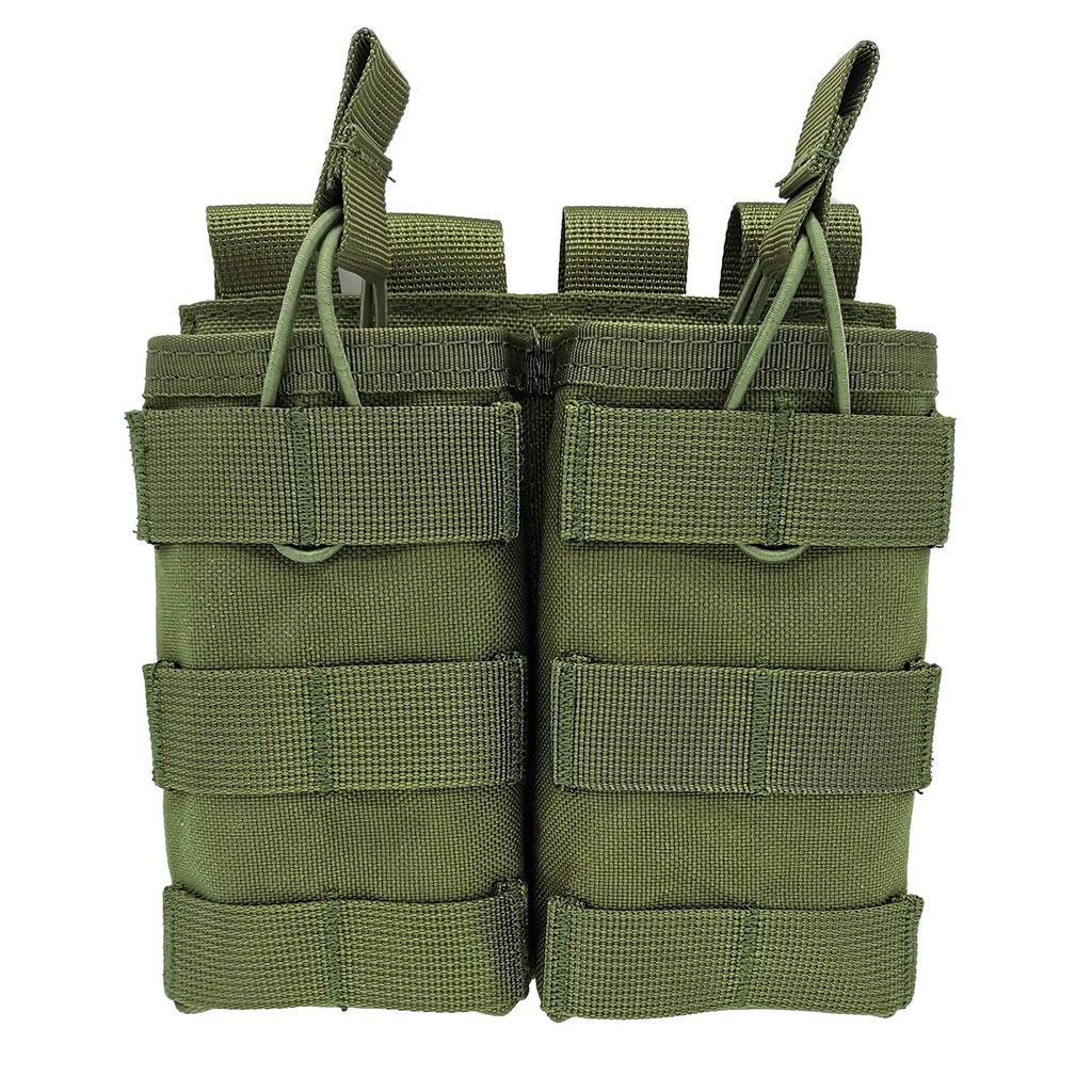 TRIPLE OPEN-TOP MAG POUCH This mag holder will carry two mags, suitable for most of the small caliber rifle magazine, including but not limited to 30-round M4/M16 magazines, HK416 magazines Specifications Material: 1000D Nylon |
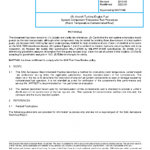 This SAE Aerospace Recommended Practice describes a method for conducting room temperature, contaminated fuel, endurance testing when the applicable specification requires nonrecirculation of the contaminants. The objective of the test is to determine the resistance of engine fuel system components to wear or damage caused by contaminated fuel operation. It is not intended as a test for verification of the component’s filter performance and service life. ARP1827 is recommended for filter performance evaluation.
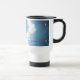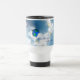 Esta caneca de viagem tem uma pintura espacial ilustrando a linha do antigo hino, "Ele tem o mundo inteiro em Suas mãos".
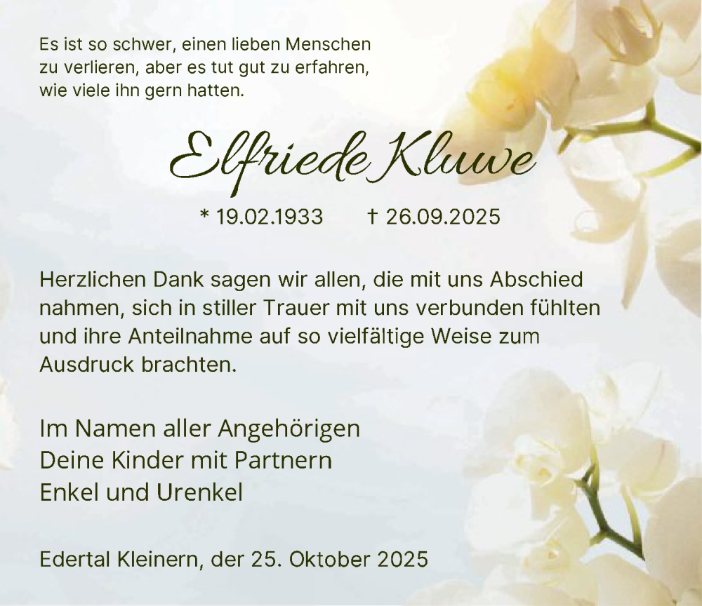 Hier finden Sie alle Traueranzeigen aus der Zeitung, die bisher für Elfriede Kluwe erschienen sind. Weitere Traueranzeigen, die in der Zeitung erscheinen, werden hier ebenfalls aufgelistet

* * * * * * *

[Exercise requirements]: What is needed is the full material, retyped unchanged, with no pictures in it.

[Answer box]:
 TRIPLE OPEN-TOP MAG POUCH This mag holder will carry two mags, suitable for most of the small caliber rifle magazine, including but not limited to 30-round M4/M16 magazines, HK416 magazines Specifications Material: 1000D Nylon |
 This SAE Aerospace Recommended Practice describes a method for conducting room temperature, contaminated fuel, endurance testing when the applicable specification requires nonrecirculation of the contaminants. The objective of the test is to determine the resistance of engine fuel system components to wear or damage caused by contaminated fuel operation. It is not intended as a test for verification of the component’s filter performance and service life. ARP1827 is recommended for filter performance evaluation.
 Esta caneca de viagem tem uma pintura espacial ilustrando a linha do antigo hino, "Ele tem o mundo inteiro em Suas mãos".
 Hier finden Sie alle Traueranzeigen aus der Zeitung, die bisher für Elfriede Kluwe erschienen sind. Weitere Traueranzeigen, die in der Zeitung erscheinen, werden hier ebenfalls aufgelistet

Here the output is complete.